According to some reports, The Collector was written to be the prequel to the Saw franchise. Written by Patrick Melton and Marcus Dunstan, the penmen behind Saw IV, V and the upcoming Saw VI, it's hard to argue otherwise. It's clear that they have been greatly influenced because The Collector is practically a Saw clone. The difference here is that I appreciate Saw for what it does: deliver a solid, if at this point overdone continuing story with a fascinating villain and (mostly) intelligent twists. The Collector has none of these traits. It's a tremendous disaster, a complete waste of time for everyone involved and a project I would shamefully keep off of my resume had I participated in its production.
The film follows Arkin (Josh Stewart), who plans on breaking into his boss's house to steal a valuable item worth lots of money because his wife needs to pay off a loan shark by midnight. Once he arrives, he finds that he isn't alone and that somebody else has already broken in and is keeping the family hostage in the basement, torturing them and rigging the house full of traps. Arkin becomes the unwitting participant in this sick man's games and tries to free his captives.
There were times during The Collector when I wasn't quite sure what the hell was going on. I thought perhaps I had missed something along the way, thinking to myself, "Surely this movie isn't that complicated," and it's not. The story isn't so much incoherent as it is simply nonexistent. What little story arc there is has to do with the body count rather than a natural story progression. The only way I could tell it was nearing the ending was through keeping a tally of all the prominent characters and counting down as each one was killed. Unfortunately, that's not a story. That's a snuff film.
Despite its similarities to the Saw franchise, The Collector doesn't even come close to matching what its genre brothers have done. In the earlier films (forget the later ones), each trap had a specific function: to see how far one would go to live. There was always a way out. The traps in The Collector are designed to keep people in, and are rigged all throughout the house, but serve no immediate purpose. His victims are already bound and gagged down in the basement with no way of escape, short of outside intervention. One can't help but wonder why the Collector decided to take the time to set up such elaborate traps in every room of the house knowing his victims were securely fastened already. Was he expecting company?

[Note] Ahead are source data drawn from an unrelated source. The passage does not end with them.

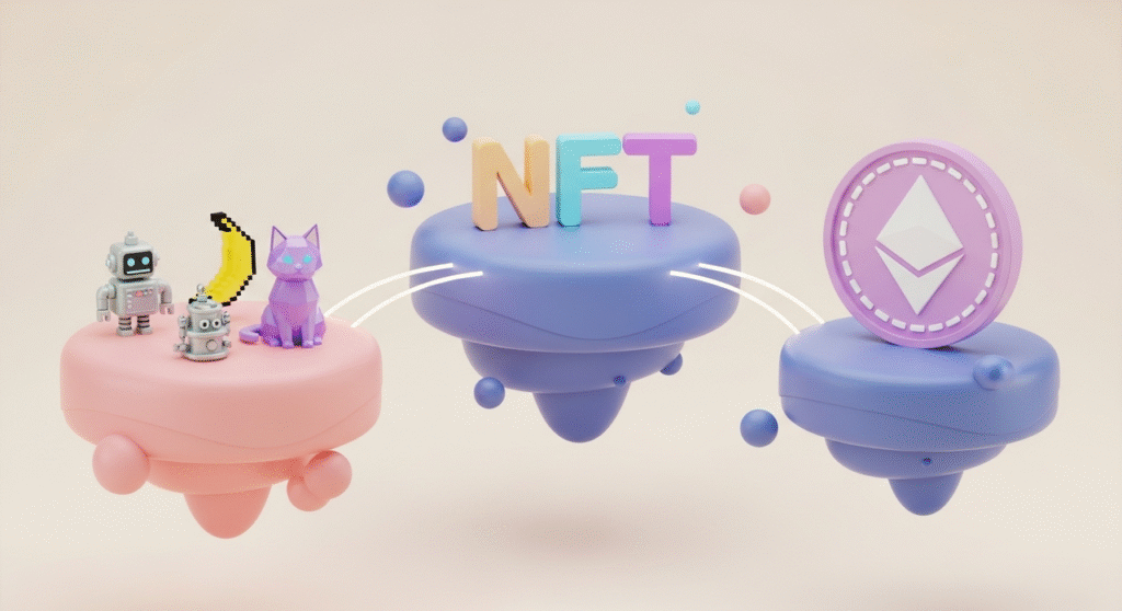 대체 불가능 토큰(NFT)은 한때 미술 경매, 유명인 홍보, ‘디지털 금’ 열풍의 상징이었습니다. 투기 열기는 잦아들었지만 NFT는 사라지지 않았습니다. 지금은 더 넓은 블록체인 경제에서 ‘디지털 소유권(온라인에서 무엇을 내 것이라고 증명하는 권리)’, ‘온라인 커뮤니티(온라인 모임과 팬층)’, ‘프로그램으로 움직이는 금융(규칙을 코드로 넣어 자동 실행되는 금융)’이 만나는 지점에서 역할을 하고 있습니다.
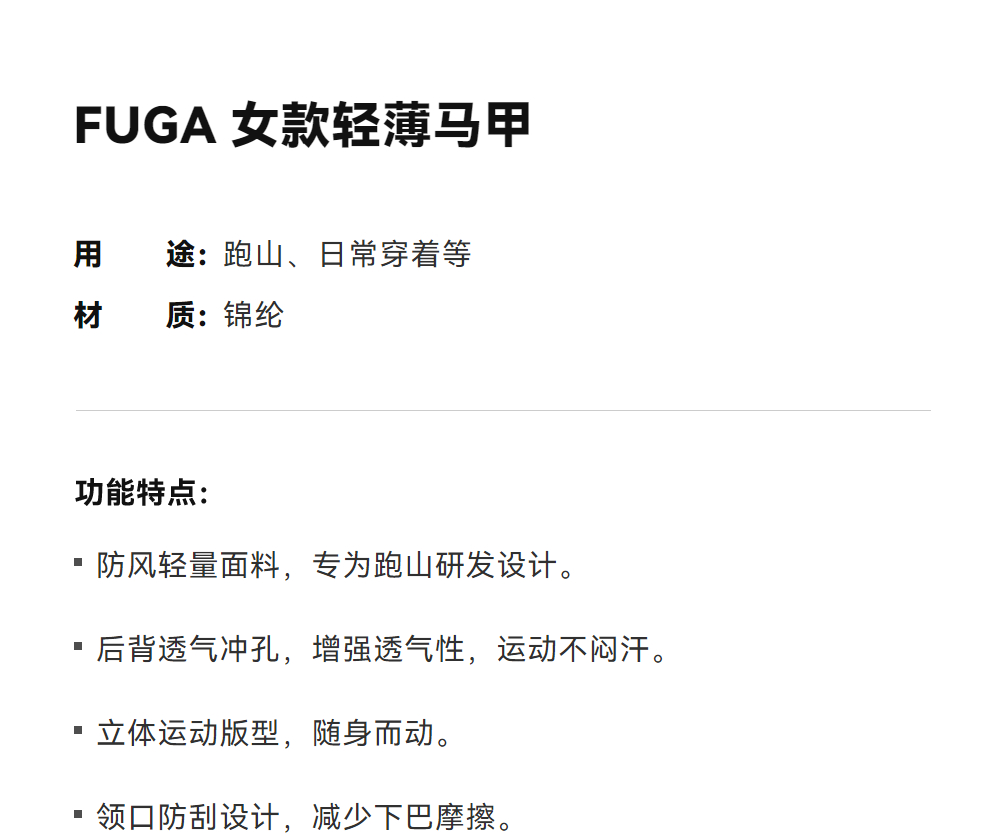 KAILAS凯乐石 FUGA 女款轻薄马甲 KG2526210【Z】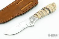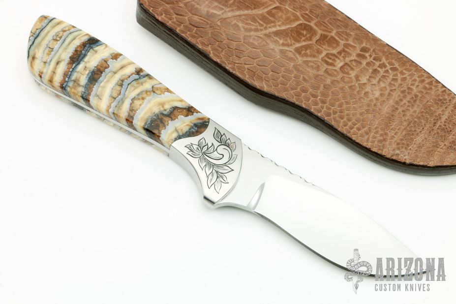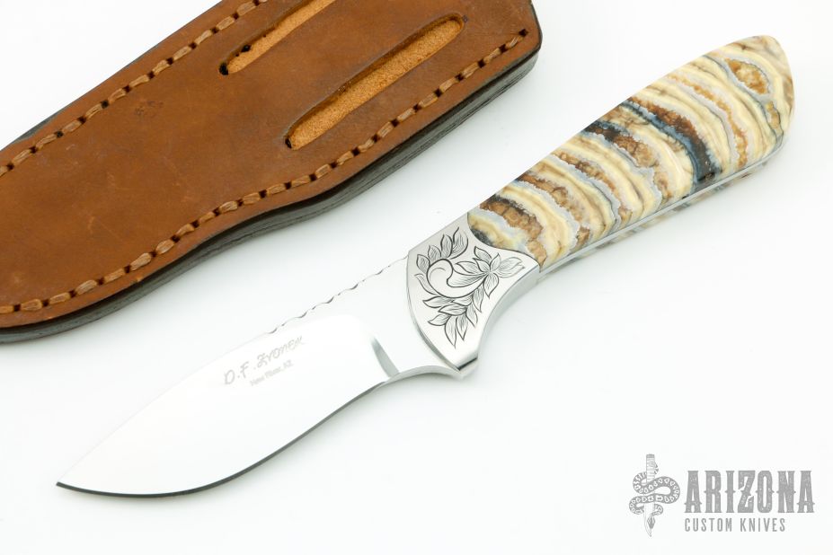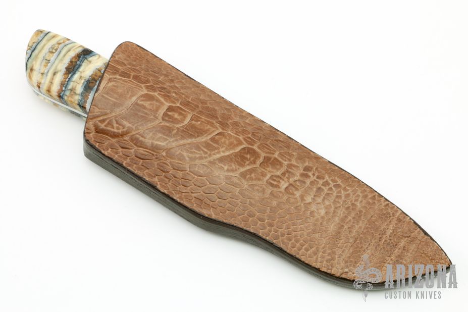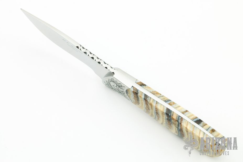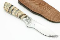 This fixed blade by Dan Zvoneck features a mirror polished drop point blade with fileworked spine, .149" blade stock and 1.040" blade depth, full tapered tang construction. The handle is comprised of engraved stainless steel bolsters, mammoth tooth scales. Includes a brown leather sheath with belt loop and ostrich leg skin overlay. Has a few light scratches, otherwise excellent condition.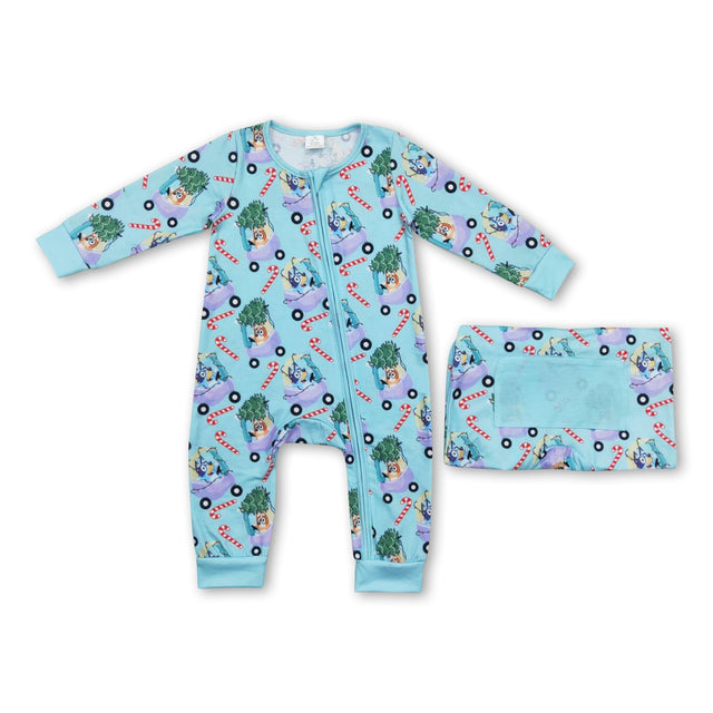 Dog Christmas tree candy cane baby kids zipper romper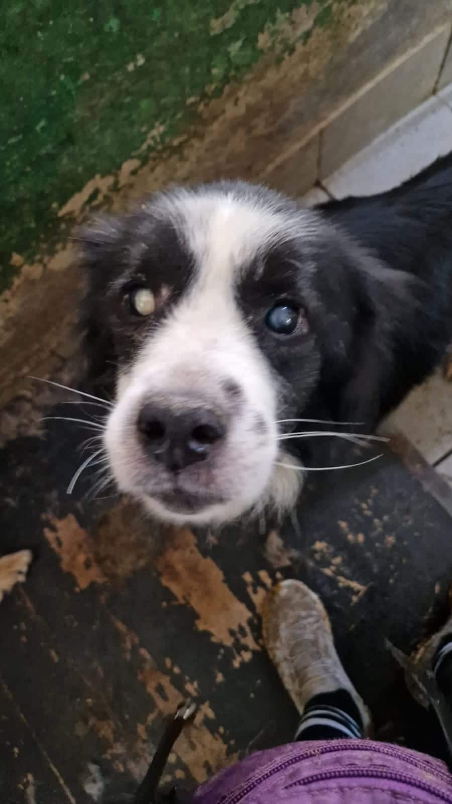 zur Besonderheit: | rechtes Auge komplett eingetrübt, links beginnend; schwache Hinterhand, viel zu dünn (05/24), schlimme Hautprobleme (07/24) |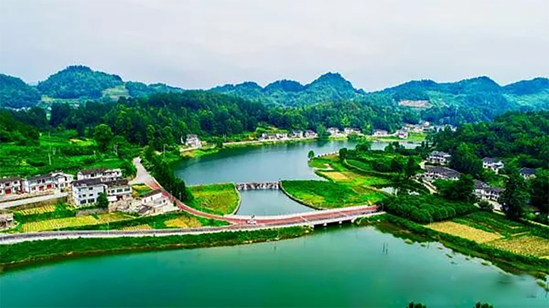 青山、绿水、蓝天、白云,一栋栋房屋错落有致点缀其中,犹如山水画卷。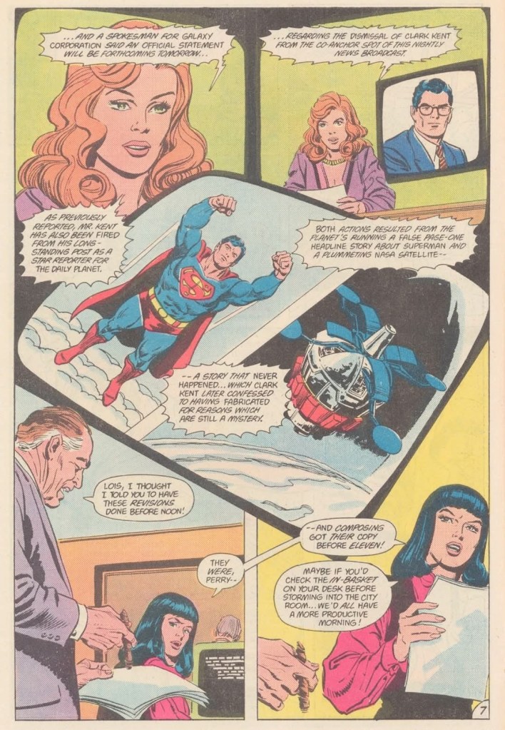 Elsewhere, Lana Lang announces news to TV viewers regarding the dismissal her of close friend Clark Kent which was the result of the fake headline news story about Superman and the NASA satellite. In another location, Lex Luthor is very pleased watching the same broadcast knowing his plan of ruining Superman succeeded and got Clark Kent as a fake news casualty. Luthor is not done with Superman yet…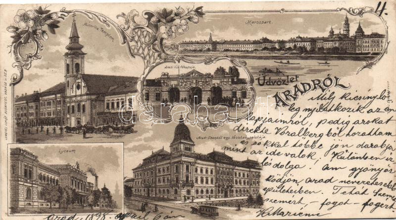 1899 Arad, Minorita templom, Vár főkapuja, Arad-Csanádi egyesült vasutak palotája, Líceum, villamos, Lengyel Lipót kiadása / church, gate, railway palace, lyceum, tram, floral, Art Nouveau litho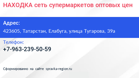 НАХОДКА, сеть супермаркетов оптовых цен по адресу 423605, Татарстан, Елабуга, улица Тугарова, 39а в дальнейшем Организация, размещена в следующих категориях: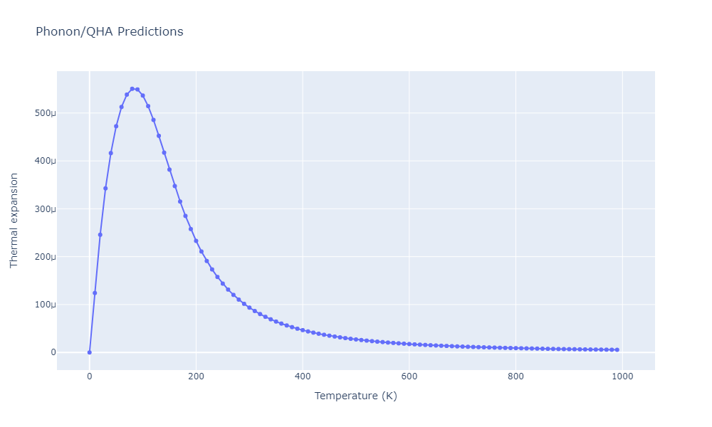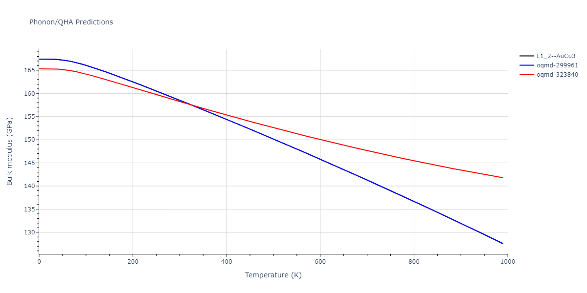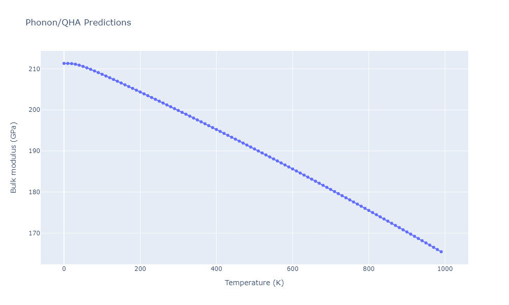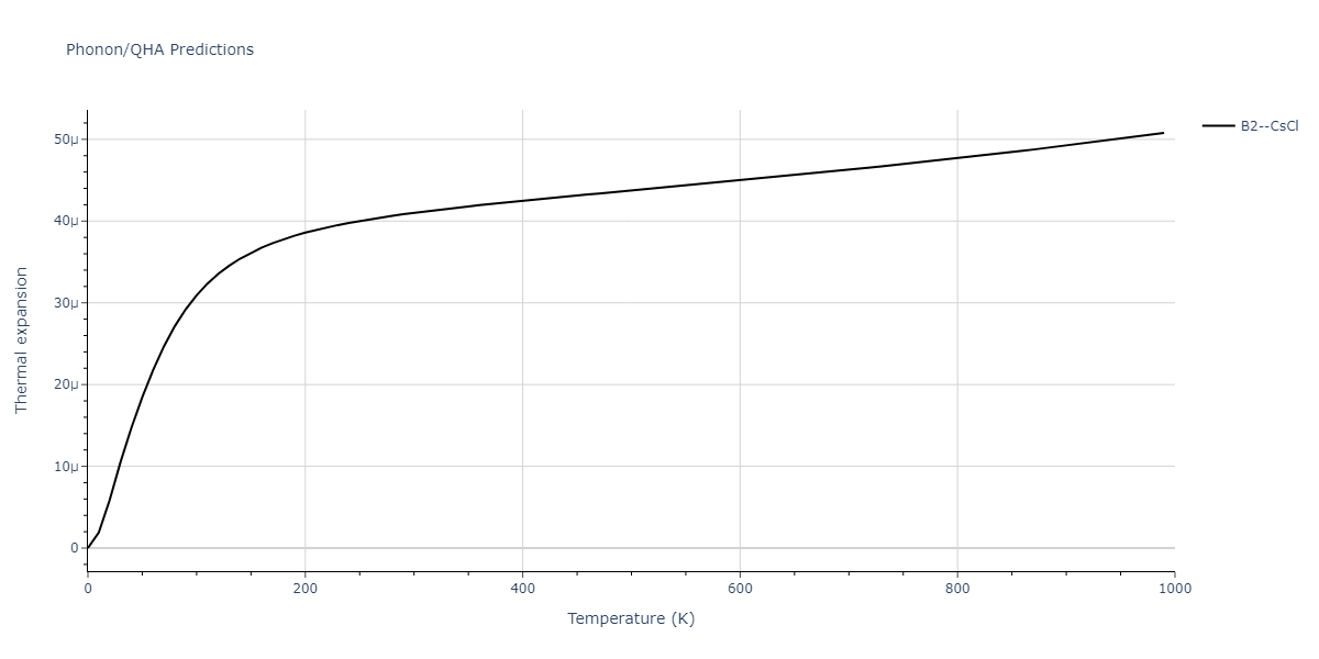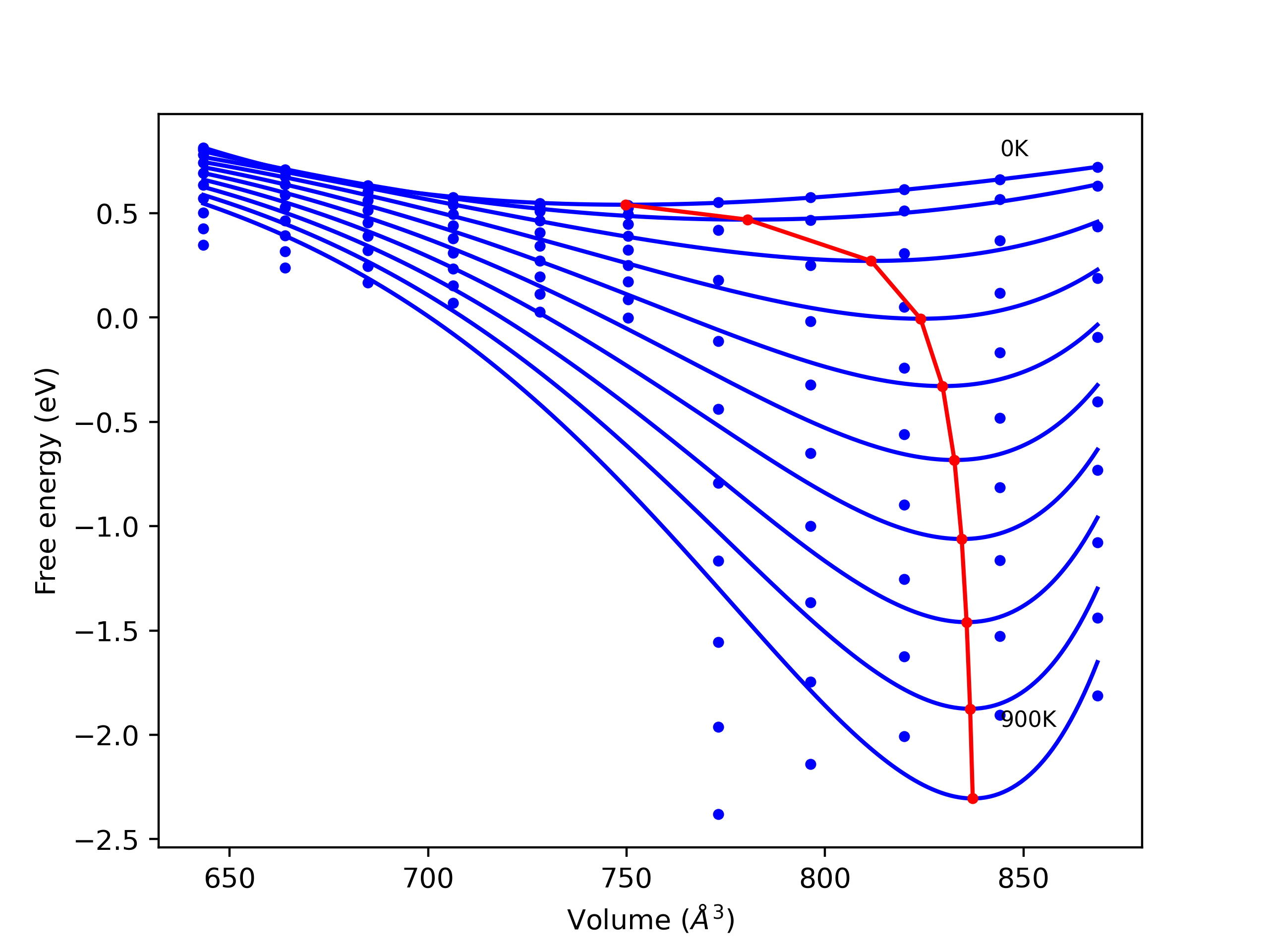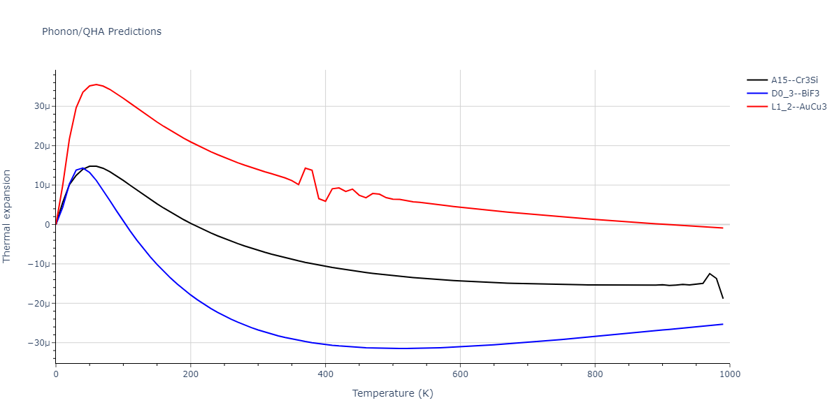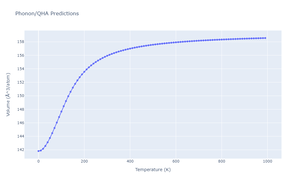 Plots of lattice and elastic constants are shown as a function of temperature. The 0K points were taken from the Crystal Structure Predictions and the Elastic Constants Predictions sections above for the unique crystal structures relaxed with the "dynamic" method. Starting from the 0 K relaxed crystal unit cells, supercell systems are created by replicating all three dimensions by the same multiplier to achieve at least 4000 atoms. The systems are then relaxed at 50 K and zero pressure using 1 million NPT steps. Lattice constants are estimated by averaging the measured box dimensions. Temperatures are iteratively increased by 50 K, with each subsequent relaxation calculation starting from the final atomic configuration at the previous temperature and relaxing for another 1 million steps.

As for the traps themselves, it's an absurd thought (and a hilarious discussion with friends afterwards) when trying to piece together just when he found the time to set them all up, including in rooms where his victims would never go even if they were to escape. (Why rig the upstairs bedrooms? The doors are much more likely.) What's even more ridiculous is that this film takes place all in one day and the daytime scenes with Arkin and his co-workers show that the house is completely normal. With such intricate traps, it would take the Collector days to set them all up, but he does it in a matter of hours (if not minutes in some cases). One trap shows a staircase with hundreds of nails embedded in it, not just placed there, but literally built into the wood. Did he construct this entire staircase? For that matter, where the hell does it lead? Nobody goes up or down it the entire movie and there are two separate staircases leading to the basement and upstairs area. What is going on!?! It's painfully apparent that logic was an afterthought to the traps.
The Collector spared no expense when it came to its attempts at keeping the audience on the edge of their seats, using every horror cliché in the book, including ominous music, quick cuts, a ridiculous amount of fog so obviously generated by a machine that it was embarrassing, and quick flashes of lightning accompanied by a loud thunder strike (though that's not how it works; thunder actually follows lightning because sound moves slower than...oh, never mind).
What's really sad is that you can tell the filmmakers thought they were making something really clever and spooky, taking the movie on with confidence, but this is a clear case of a film that tries much too hard. Though light on story, the premise is interesting and could have worked well, but instead ends up as one giant mess with plot holes so big you could fit Kanye West's ego through it, ranking it among the worst movies I've seen this year.
If that isn't enough, the film has one of the most obvious "who's the killer" reveals in cinema history, with one giant clue so freaking clear that I wanted to stand up and tell everybody that I had figured it out, but then I realized how unfulfilling of an accomplishment that was because chances are they all had too.
With a cruel spirit and grimy aesthetics, The Collector could have been depressing, but it's too damn stupid to be as such.